Community councillor Rob Williams said: “It’s really disappointing that, despite the airport’s own design documents calling out the damage that would be done to Uplawmoor, they made no attempt to talk to us until we requested a workshop.

“We’re now left with only three weeks of the consultation period to spread the word, raise funds and get legal support.

“We’re not a big village and many of the houses and community buildings are old and poorly insulated.

“I don’t know how the primary school is going to cope when every few minutes it’s going to be impossible to talk because of the noise.”

Under current proposals, Uplawmoor residents will see around one flight take off over their homes every four minutes during the peak summer months of May to September.

John O’Donnell is among the local residents who have been left fuming.

He said: “The entire proposal to get aircraft heading south and onto their destination as fast as possible takes no regard for the health, welfare and quality of life of an entire population of a small rural village.”

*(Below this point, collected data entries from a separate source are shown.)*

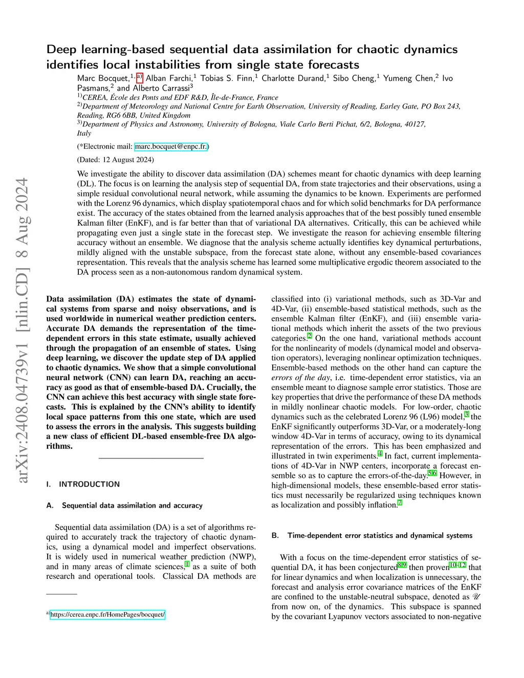 We investigate the ability to discover data assimilation (DA) schemes meant for chaotic dynamics with deep learning. The focus is on learning the analysis step of sequential DA, from state trajectories and their observations, using a simple residual convolutional neural network, while assuming the dynamics to be known. Experiments are performed with the Lorenz 96 dynamics, which display spatiotemporal chaos and for which solid benchmarks for DA performance exist. The accuracy of the states obtained from the learned analysis approaches that of the best possibly tuned ensemble Kalman filter, and is far better than that of variational DA alternatives. Critically, this can be achieved while propagating even just a single state in the forecast step. We investigate the reason for achieving ensemble filtering accuracy without an ensemble. We diagnose that the analysis scheme actually identifies key dynamical perturbations, mildly aligned with the unstable subspace, from the forecast state alone, without any ensemble-based covariances representation. This reveals that the analysis scheme has learned some multiplicative ergodic theorem associated to the DA process seen as a non-autonomous random dynamical system.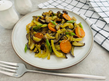 Гарнира вкусней и полезней не сыскать, обязательно пробуйте! Жареные баклажаны с перцем болгарским и чесноком отлично дополнят мясные блюда и послужат прекрасным гарниром. Блюдо получается ярким и весьма аппетитно выглядит благодаря тому, что овощи не тушатся под крышкой, а именно обжариваются. Перец лучше выбрать разных цветов, а лук использовать фиолетовый, чтобы придать блюду красивый яркий вид.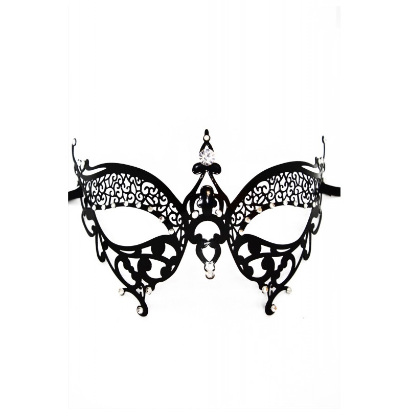 Masque vénitien Alida rigide noir avec strass. Attache par liens. Un masque vénitien haut de gamme pour vos soirées déguisées ou sensuelles / Composition : Métal et strass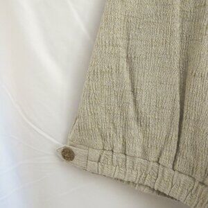 Slacks are beige, textured, elastic waist with decorative, fake, tab and button front, onseam pockets, and 24” inseam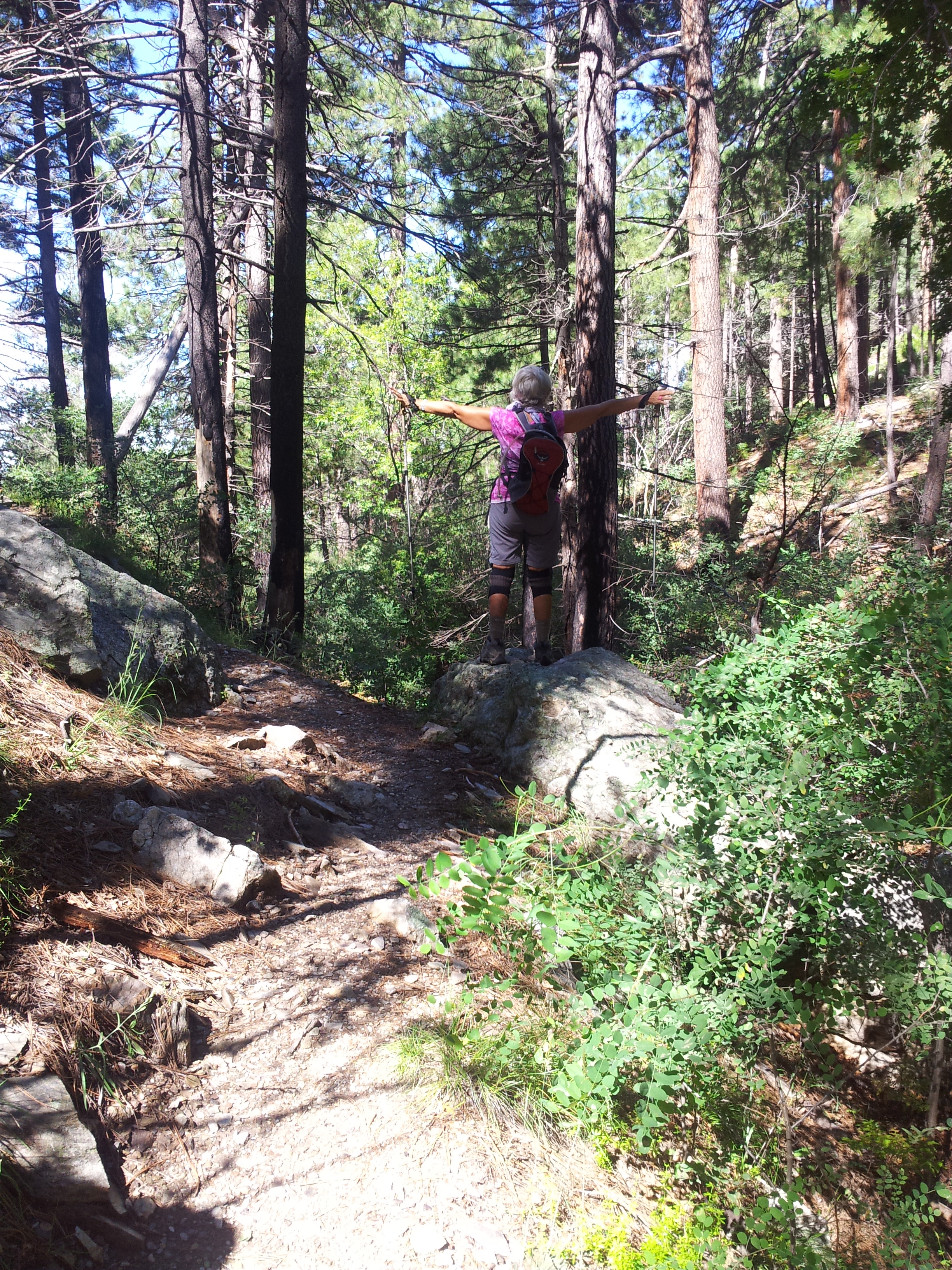 We continued on the trail, the air was cool, the lighting was perfect, the smells of the pine trees was intoxicating. The next thing I knew Sue was posing for a picture standing atop a huge rock.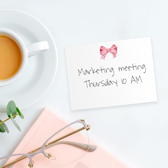- 6 Adorable Designs: Includes six charming illustrated bow designs with polka dots and a feminine blush pink color palette. This cheery sticky note pad set is great for home, office, school or work.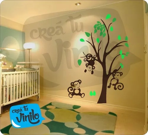 Hermoso vinilo infantil de monitos en un arbol. Medidas: árbol 1,50mts x 88cm, monitos 35cm x 30cm aprox c/u y hojas 2 planchas de 30cm x 25cm c/u. Contiene 3 colores, se deben elegir 2 de ellos.

Tom Arthur, MSP for Renfrewshire South, has written to residents, asking them to take part in a survey to allow him to provide feedback to airport management, as well as encouraging them to make their own submissions.

Mr Arthur said: “While I agree with residents who do not object to the proposals’ overall aims to reduce the environmental impact, cognisance must be made of the impact this will have on this specific area.

“It is vitally important that all possible solutions are explored and people are given the opportunity to engage in the process.”

Further meetings between residents, politicians and airport management are due to be held before the consultation process is complete.

A spokesman for Glasgow Airport said: “Last week’s meeting was an important part of our airspace change consultation and we welcomed the opportunity to hear the views of all those who attended.

“It is important to stress that what we have put forward are only proposals. We can only make changes to the departure flight paths once we have considered the views of all those who respond directly to the consultation.

“Those views will then be presented to our regulator, the Civil Aviation Authority, who will ultimately make the decision on whether or not we can proceed.”